1. Chemotherapy	Cyclophosphamide	OX-40 agonist antibody	Treg depletion in tumor and enhanced effector T cell level, thus decreasing Treg/Teffector ratio.	Eradication of established tumors in 75% of mice bearing s.c B16-F10 tumors.	22
	Oxaliplatin	Inducible adenoviral 1L-12	Reduction in MDSC in tumor and increased CD8+/Treg and CD8+/MDSC cell ratios.	Rejection of tumors in > 80% of mice bearing intrahepatic MC38 tumors.	14
2. Radiotherapy	Local irradiation	Adoptive cell transfer (ACT) of tumor-specific CTL	MHCI expression enhanced within tumor and increased Ag presentation and recognition by effector T cells.	Eradication of established s.c. MC38 tumors in 62% of mice.	51
	Fractionated local irradiation	Blocking CTLA-4 with antibody	Increased CD4+ and CD8+ TIL.	60% survival of mice bearing TSA breast cancer, and abscopal effect on distant tumors	35
	Local irradiation	Anti-CD137 with anti-CD40 or anti-PD-1	Only effector PD-1hiCD137+CD8+ T cells were tumor specific and these were enriched in tumor.	Rejection of > 80% s.c. 4T1.2 tumors with irradiation + anti-CD137 with anti-CD40. Rejection of all orthotopic AT-3 mammary tumors with irradiation + anti-CD137 + anti-PD-1.	36
3. Modifying tumor endothelium or stroma	Anti-VEGF	Lymphodepletion + ACT of tumor-specific CTL	Increased extravasation of adoptively transferred T cells into tumor.	Reduction in tumor growth and prolonged survival of mice bearing s.c.
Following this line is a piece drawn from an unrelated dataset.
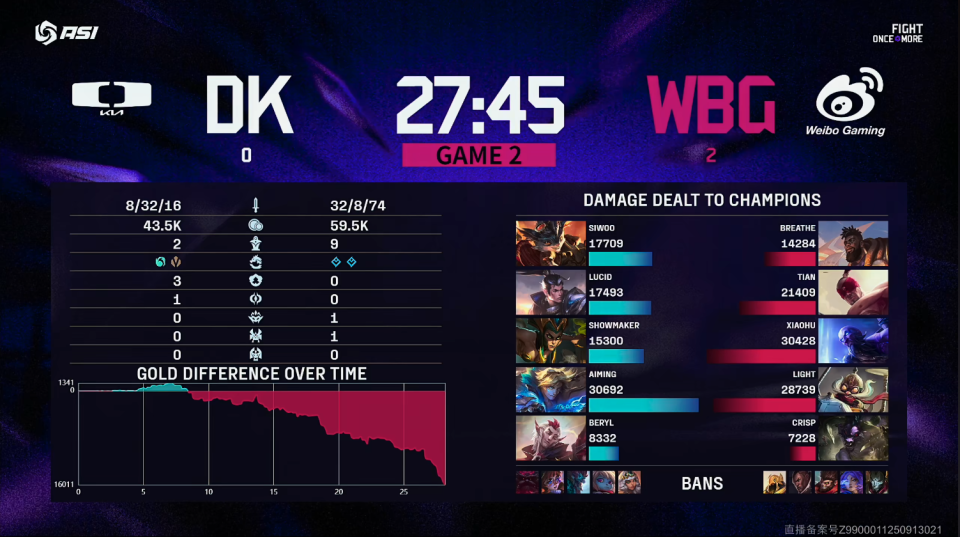 结果第二局比赛,DK仅打了前几分钟的好局,后续的比赛,被WBG接管,碾压获胜。8分钟左右,Breathe奎桑提勇敢前顶击杀Lucid,随后WBG团战拉扯更优取胜;9分钟左右,Tian盲僧大招串糖葫芦击杀Aiming,随后DK控下三虫;11分钟左右,Tian盲僧卡住视野突施冷箭,流畅连招单杀满血Aiming;13分钟左右,DK越塔击杀Tian,但随后Xiaohu传送赶到配合Light击杀DK四人;18分钟左右,Light飞机伤害爆表,WBG团战大获全胜完成0换5;20分钟左右,WBG站住地形率先拿下厄塔汗,随后Siwoo被集火瞬秒;23分钟左右,DK众人集火牛头未能击杀,WBG集结反打团灭DK并拿下小龙;最终27分45秒,WBG团灭DK,赢下比赛。
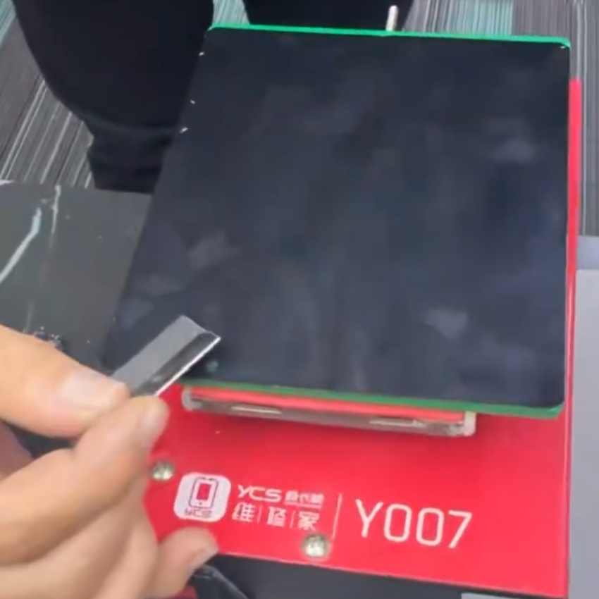 Gia nhiệt: Đặt toàn bộ khuôn lên bàn nhiệt (như dòng YCS trong ảnh) để làm mềm lớp keo OCA.

B16 tumors with 20% long-term survival.	40
	FAP+ cell ablation by diphtheria toxin (DTX)	Vaccinia-OVA immunization	60% reduction in tumor and stroma cells in 48 h.	s.c. Lewis lung carcinoma-OVA (LL2/OVA) eradicated.	44

Radiotherapy is also being used to synergize with immunotherapeutics in patients. For many years antibodies have been used to target radioisotopes to tumors, and localized modification to tumor microenvironments may well have contributed to some successes of this form of treatment. More recently, localized radiotherapy has been used in combination with immune modulators, and increases in tumor-specific T cell frequencies demonstrated, together with some partial tumor responses.-

Immunotherapy is a highly promising treatment option for cancer, and as our understanding of the tumor microenvironment increases, we can anticipate the development of enhanced therapies utilizing immune strategies. In particular, with our developing knowledge of how chemotherapeutic agents and radiation can be used to modify the immunosuppressive nature of tumors, the full potential of immunotherapy may be able to be liberated against malignant disease.